=== DATA ===

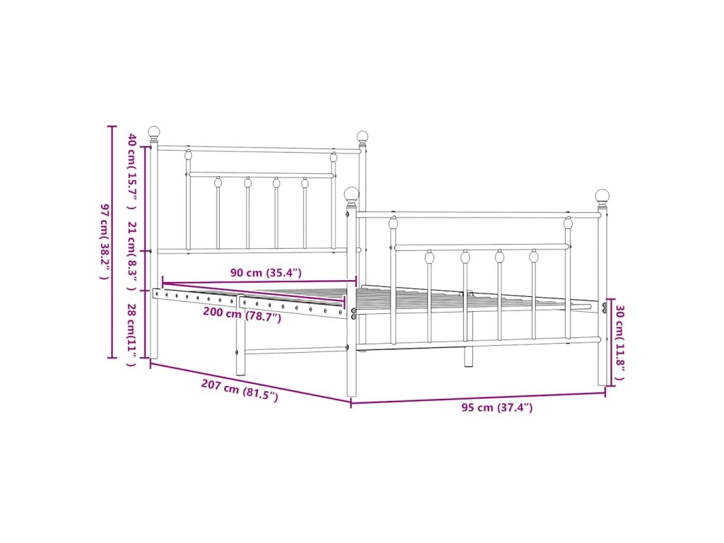 Kovový rám postele s hlavovým a nožním čelem bílý 90 x 200 cm 353597
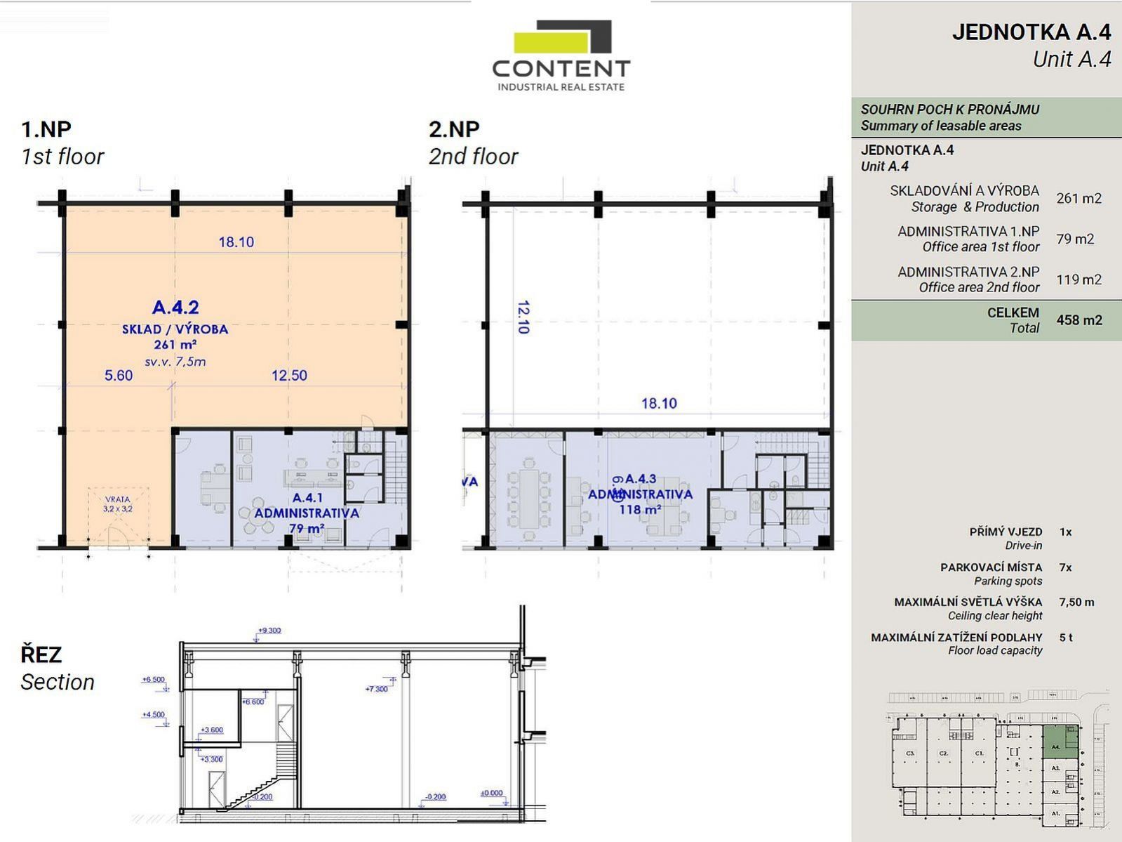 Pronájem skladu, výrobních prostor nebo prodejních prostor 458 m (jednotka A.4). Praha 10 - Malešice. V zastoupení majitele a bez provize nabízíme nebytové prostory v menším uzavřeném areálu, který prochází kompletní rekonstrukcí a dostavbou. Tento prvotřídní projekt nabízí různé flexibilní typy prostor (SBU) dle Vašich potřeb - sklady, výrobní prostory, showroom, kanceláře, vývoj, laboratoře, atd., umístěné v přízemí industriální budovy, kancelářské prostory jsou ve dvou podlažích. - plánované dokončení do poloviny roku 2027 - 261 m industriálních prostor se světlou výškou 7,5 m - kancelářské prostory 79 m v přízemí + 118 m v patře propojených schodištěm - zásobovací vjezd v úrovni vozovky - nosnost podlah 5t/m - osobní vstup - parkování před budovou - výborná dostupnost MHD - celková pronajímatelná plocha v jednom celku až 1376 m (celá budova A) - úpravy i dělení prostor dle potřeby Cena nájmu je individuální, dle dalších podmínek smlouvy + služby. Fotografie jsou ilustrační. Pro více informací o tomto projektu nás neváhejte kontaktovat, rádi zodpovíme Vaše dotazy.
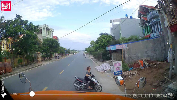 Theo hình ảnh mà camera ghi lại, xe ô tô đang di chuyển đúng làn đường. Bất ngờ, một xe máy từ làn ngược chiều rẽ đột ngột ngay trước mũi ô tô, lao nhanh vào một cửa hàng bên đường. Hành động của người phụ nữ khiến chủ xe ô tô phải phanh gấp, quặt tay lái để không đâm phải người phụ nữ.

===

**GOAL OF THE EXERCISE**
Repeat the lines above precisely and skip every picture.

**ANSWER AREA**
 Kovový rám postele s hlavovým a nožním čelem bílý 90 x 200 cm 353597
 Pronájem skladu, výrobních prostor nebo prodejních prostor 458 m (jednotka A.4). Praha 10 - Malešice. V zastoupení majitele a bez provize nabízíme nebytové prostory v menším uzavřeném areálu, který prochází kompletní rekonstrukcí a dostavbou. Tento prvotřídní projekt nabízí různé flexibilní typy prostor (SBU) dle Vašich potřeb - sklady, výrobní prostory, showroom, kanceláře, vývoj, laboratoře, atd., umístěné v přízemí industriální budovy, kancelářské prostory jsou ve dvou podlažích. - plánované dokončení do poloviny roku 2027 - 261 m industriálních prostor se světlou výškou 7,5 m - kancelářské prostory 79 m v přízemí + 118 m v patře propojených schodištěm - zásobovací vjezd v úrovni vozovky - nosnost podlah 5t/m - osobní vstup - parkování před budovou - výborná dostupnost MHD - celková pronajímatelná plocha v jednom celku až 1376 m (celá budova A) - úpravy i dělení prostor dle potřeby Cena nájmu je individuální, dle dalších podmínek smlouvy + služby. Fotografie jsou ilustrační. Pro více informací o tomto projektu nás neváhejte kontaktovat, rádi zodpovíme Vaše dotazy.
 Theo hình ảnh mà camera ghi lại, xe ô tô đang di chuyển đúng làn đường. Bất ngờ, một xe máy từ làn ngược chiều rẽ đột ngột ngay trước mũi ô tô, lao nhanh vào một cửa hàng bên đường. Hành động của người phụ nữ khiến chủ xe ô tô phải phanh gấp, quặt tay lái để không đâm phải người phụ nữ.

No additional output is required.